La contribution de toutes les parties est essentielle pour améliorer le réseau cellulaire de l’Est ontarien, rappelle le directeur général des Comtés unis de Prescott-Russell, Stéphane Parisien.

La contribution du fédéral au réseau cellulaire de l’Est ontarien se fait attendre

Alors que le gouvernement provincial a confirmé vendredi dernier sa contribution de 71 millions $ pour le projet d’amélioration du réseau cellulaire, celle du gouvernement fédéral se fait toujours attendre.

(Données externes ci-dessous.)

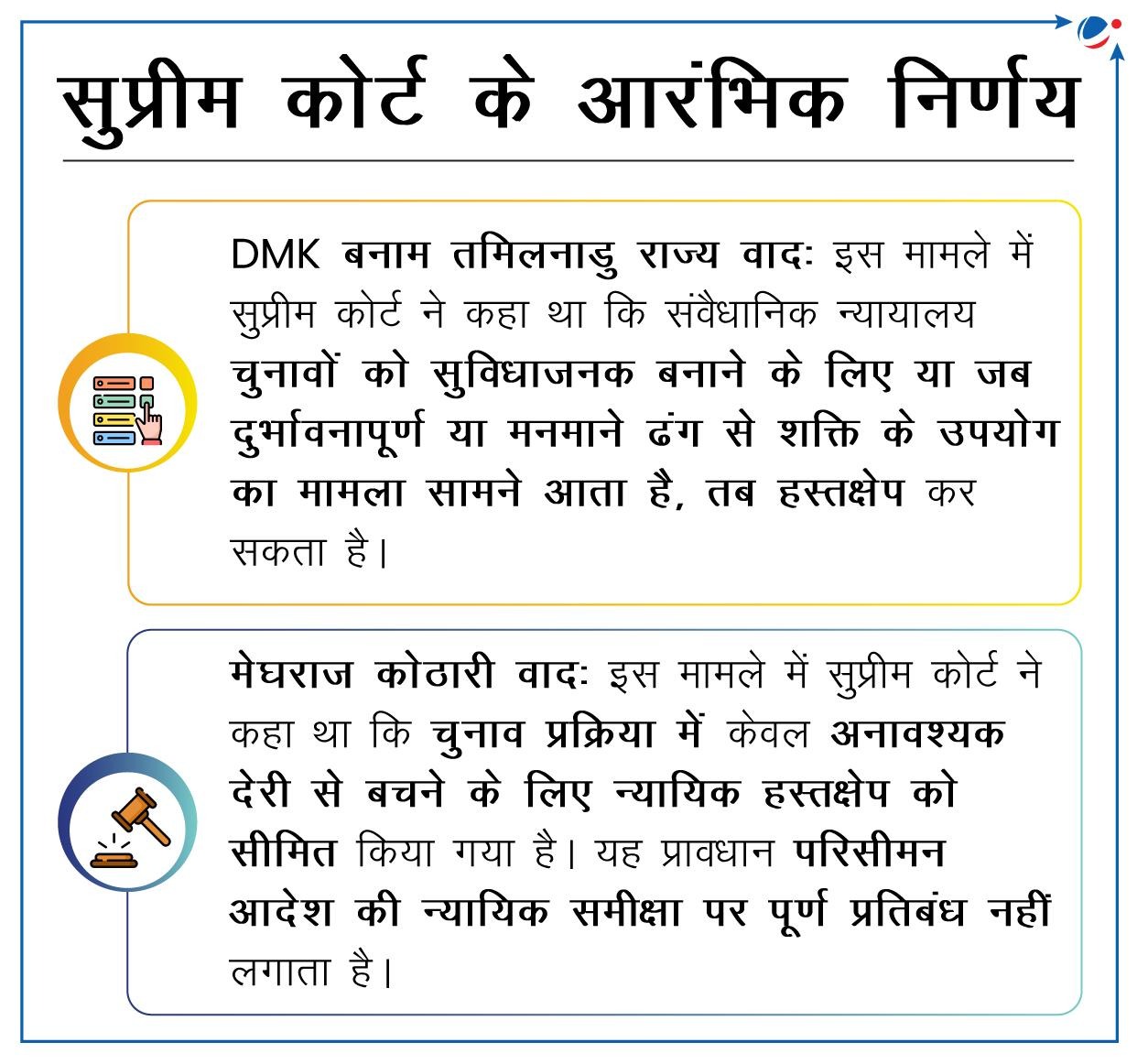 - इससे पहले गुजरात हाई कोर्ट ने परिसीमन कार्य को चुनौती देने वाली याचिका को खारिज कर दिया था। हाई कोर्ट ने संविधान के अनुच्छेद 329(a) का संज्ञान लेते हुए कहा था कि यह अनुच्छेद चुनाव संबंधी मामलों में न्यायालय के हस्तक्षेप को रोकता है।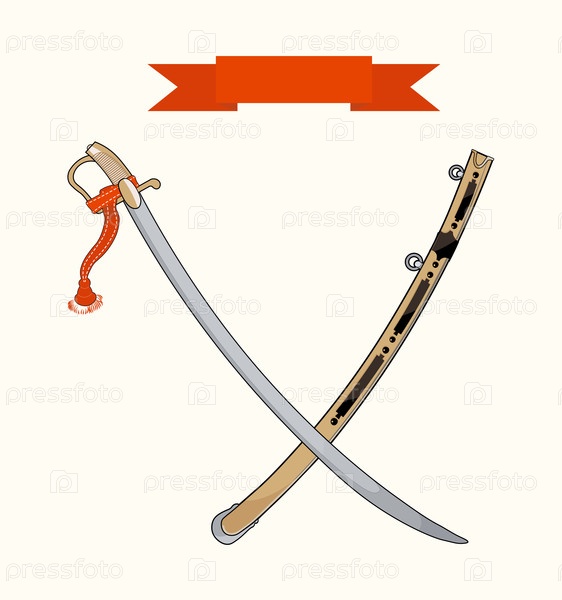 Векторный рисунок: 19 век легкая кавалерия сабель и красная лента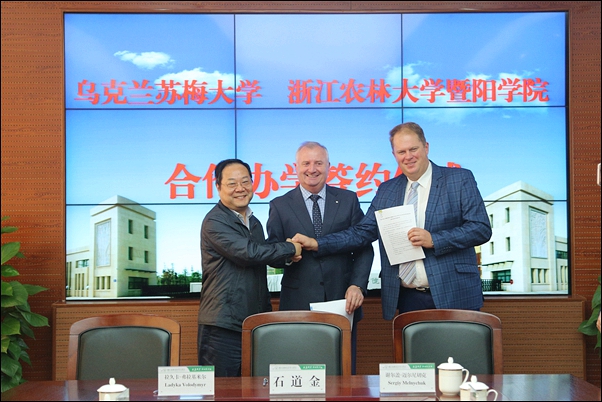 10月24日上午,石道金代表学院与拉久卡・弗拉基米、谢尔盖•迈尔尼切克共同签订了金沙2004路线js5、乌克兰苏梅国立农业大学、中乌生命科学研究院三方合作备忘录,以增进相互了解与友谊,谋求三方共赢发展,建立友好合作关系,扩展在教育、科技、文化等领域的交流与合作。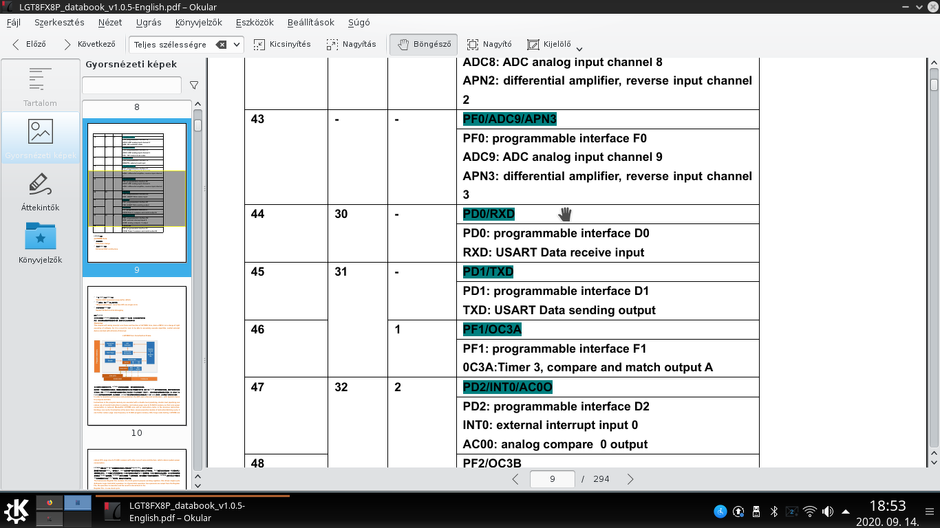 Találtam LGT8F328P kispaneleket, játszom vele, 99% M328 kompatibilis. Valaki ezekkel dolgozott? Arduino kompatibilis (elméletileg), de csak annyi infót kaptam, hogy vannak gondok...de hogy mi az, az hadititok... Eddig nekem tetszik, 32MHz, DAC, több Timer stb. Valamiért Timer3-at nem tudom kezelni (na, jó, ASMben igen). Valakinek tapasztalata vele?
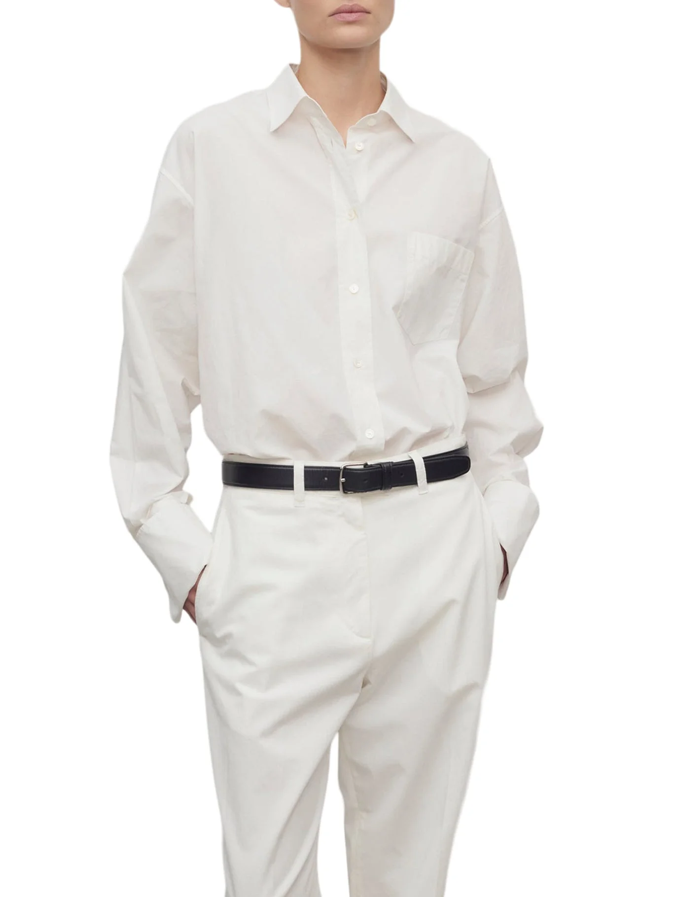 - Classic button-up shirt - Sandblasted cotton poplin - Patch chest pocket - Extended cuffs - Exposed front placket with mother-of-pearl buttons - 100% cotton - Color: White Made in Italy Composition: Cotton 100% Cotton Color code: WHT WHITE 10204W4075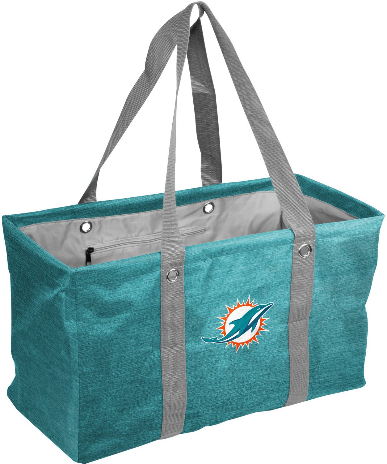 Pack up for game day with the Logo Brands Miami Dolphins Crosshatch Picnic Caddy. The polyester construction affords durability, while the sturdy bottom and wire top frame hold heavy loads. The reinforced handles allow for easy carrying, and the team logo shows off your Fins pride.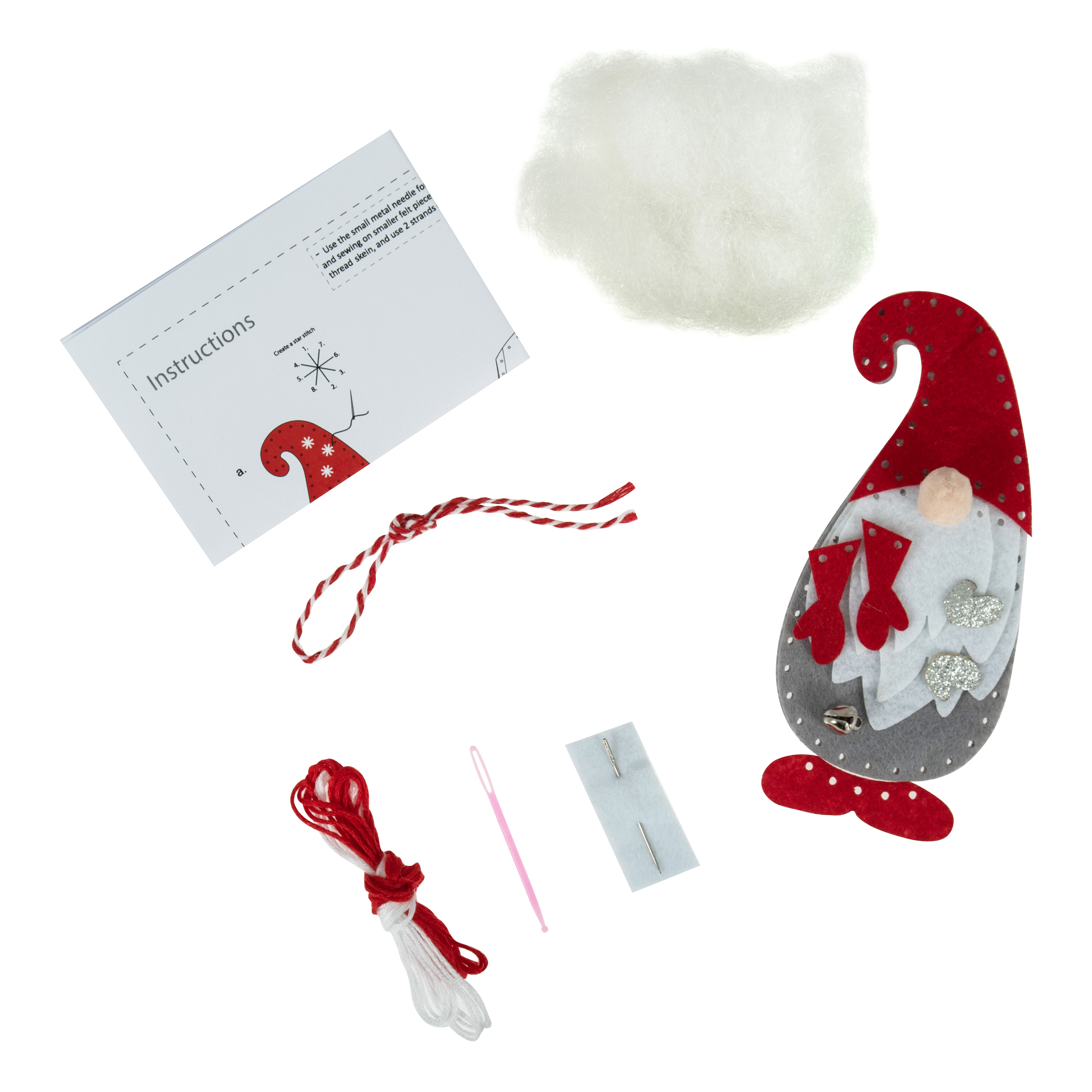 Kit includes: pre-cut felt shapes; stuffing; bell; threads; pom pom; bakers twine; metal needle; plastic needle and step-by-step instructions.

Le projet du Réseau régional de l’Est ontarien (RREO), un partenariat public-privé de 213 millions $, permettrait d’améliorer la portée et la qualité des services à large bande mobile dans la région de l’Est ontarien. Pour fonctionner, trois parties doivent contribuer, soit le fédéral, le provincial et toutes les municipalités membres du Eastern Ontario Warden’s Caucus ainsi que la plupart des municipalités membres du Caucus des maires de l’Est ontarien.

Le ministre de l’Infrastructure de l’Ontario, Monte McNaughton, a annoncé vendredi dernier un investissement de 71 millions $ au projet du RREO.

Selon le directeur général des Comtés unis de Prescott-Russell (CUPR), Stéphane Parisien, la participation de chacune des parties est primordiale pour remplir les espaces territoriaux qui ne sont pas couverts par un réseau mobile. « On doit mettre de la pression sur le fédéral avant que la Chambre des communes arrête de siéger à la fin juin. On a besoin de cette annonce-là, sinon on perd le projet au complet. »

À certains endroits dans les CUPR, comme à Bourget, par exemple, il est encore difficile de faire un appel téléphonique. « En 2019, on ne devrait pas être dans une situation où on n’est même pas capable d’appeler le 9-1-1 si on a un problème. »

Développement économique

De grands avantages économiques se feront remarquer dès que le projet du RREO sera mis en branle, juge M. Parisien. D’abord, la création d’emplois. « Ça nous donnera l’occasion de probablement créer 1000 emplois. » Selon les responsables du projet, les améliorations apportées à la connexion pourraient potentiellement générer 3000 emplois à temps plein d’ici dix ans, et plus de 420 millions $ en revenus dans le secteur privé.

Une meilleure connexion permettra aux commerces de demeurer dans la région, plutôt que de devoir développer leurs activités ailleurs. « Parce que là, non seulement ils vont avoir accès à nos réseaux, mais ils auront aussi la capacité de faire des transactions. »

Les jeunes pourraient aussi faire partie des principaux bénéficiaires de ce projet. Le manque de connexion mobile et Internet provoque depuis longtemps leur exode vers les grandes villes. Selon le directeur général des CUPR, la présence des jeunes pourrait permettre de mieux développer l’économie rurale.